● Required action
Using the data that follows, output only the lines from the line with "But king Joram" up to and including the line with "RUN to the @sfbotanicalgarden", exactly, leaving pictures aside.

● Data supplied
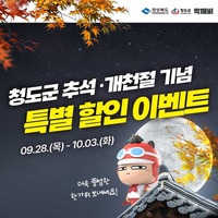 청도군(군수 김하수)은 경북 공공배달앱 ‘먹깨비’ 이용 활성화를 위해 추석 및 개천절 연휴기간인 오는 9월 28일부터 10월 3일까지 6일간 특별 할인 이벤트에 나선다.이벤트 기간에 ‘먹깨비’ 앱에서 1만5000원 이상 주문 시 선착순 500명에게 4000원 할인쿠폰이
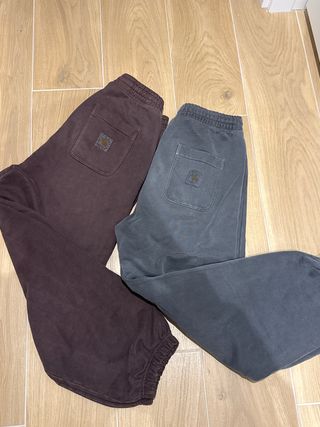 Pantalones de algodón Carhartt.AW2025 - Hechos 100% de algodón. - Color marrón. - Color gris. ajuste ancho, talla S son de esta temporada nuevos , no usados. precio unidad en web 139eu
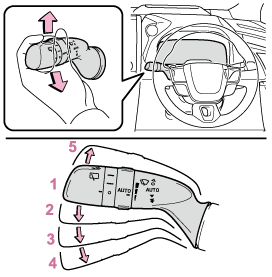 レバーを操作すると、ワイパーまたはウォッシャーが作動します。
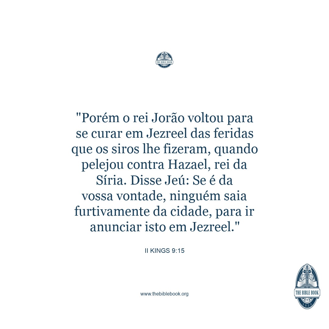 But king Joram was returned to be healed in Jezreel of the wounds which the Syrians had given him, when he fought with Hazael king of Syria.) And Jehu said, If it be your minds, then let none go forth nor escape out of the city to go to tell it in Jezreel.
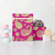 Verpackungspapier in einem verzierten Paisley-Muster in den Steigungen des Goldes mit einem metallischen Blick des Imitats, auf einem tiefen pinkfarbenen rosa Hintergrund
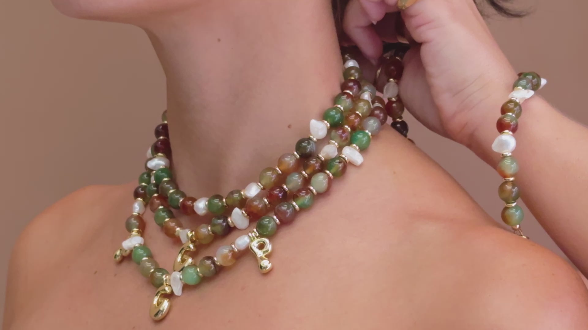 Rich peacock agate beads meet scattered freshwater baroque pearls, each one unique, paired with gold-filled spacer beads. Hand-beaded slowly and intentionally, this necklace is earthy but elevated. We're naming this our statement neutral.
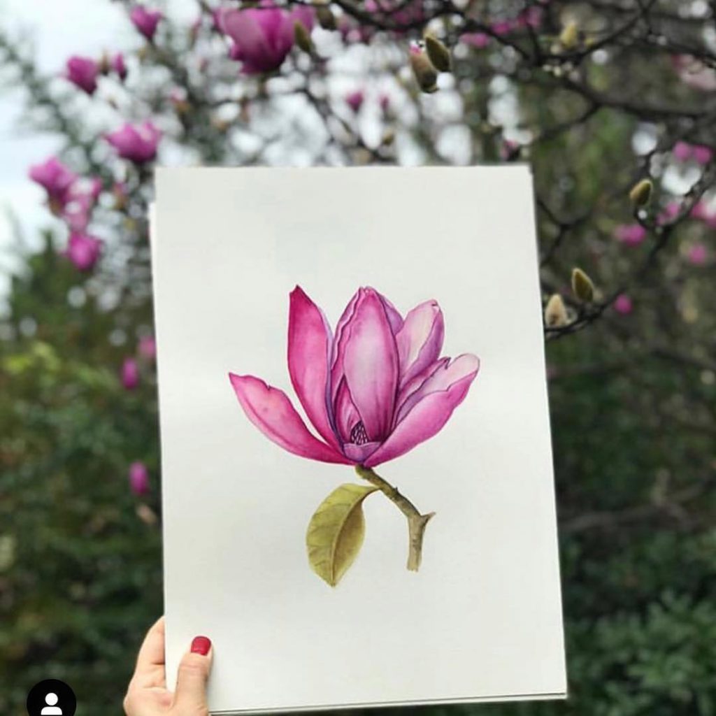 RUN to the @sfbotanicalgarden to see The Magnolias in peak bloom right now. Gorgeous art by @olgaakbarova.art – check out her other botanical illustrations on her IG page.
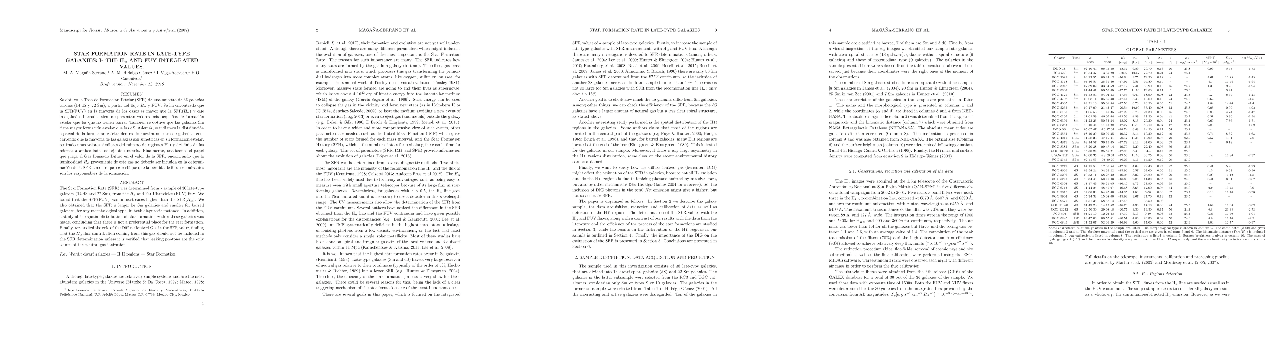 This study measures the Star Formation Rate (SFR) in 36 late-type galaxies using H(alpha) and FUV flux, finding that SFR(FUV) generally exceeds SFR(H(alpha)). It concludes that SFR is higher in Sm galaxies and lower in barred galaxies, regardless of morphology, and that star formation occurs without a preferential spatial distribution.
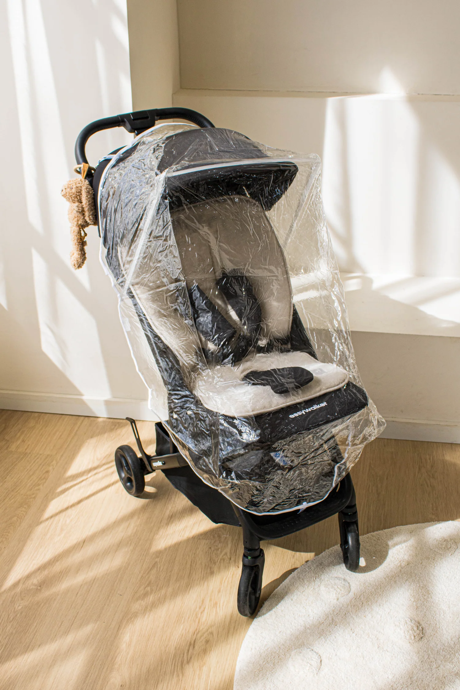 Très pratique pour protéger bébé d’une averse. Tu peux facilement l’enfiler par dessus la poussette. Également disponible pour siège auto ou poussette.

● Output for this task
 But king Joram was returned to be healed in Jezreel of the wounds which the Syrians had given him, when he fought with Hazael king of Syria.) And Jehu said, If it be your minds, then let none go forth nor escape out of the city to go to tell it in Jezreel.
 Verpackungspapier in einem verzierten Paisley-Muster in den Steigungen des Goldes mit einem metallischen Blick des Imitats, auf einem tiefen pinkfarbenen rosa Hintergrund
 Rich peacock agate beads meet scattered freshwater baroque pearls, each one unique, paired with gold-filled spacer beads. Hand-beaded slowly and intentionally, this necklace is earthy but elevated. We're naming this our statement neutral.
 RUN to the @sfbotanicalgarden to see The Magnolias in peak bloom right now. Gorgeous art by @olgaakbarova.art – check out her other botanical illustrations on her IG page.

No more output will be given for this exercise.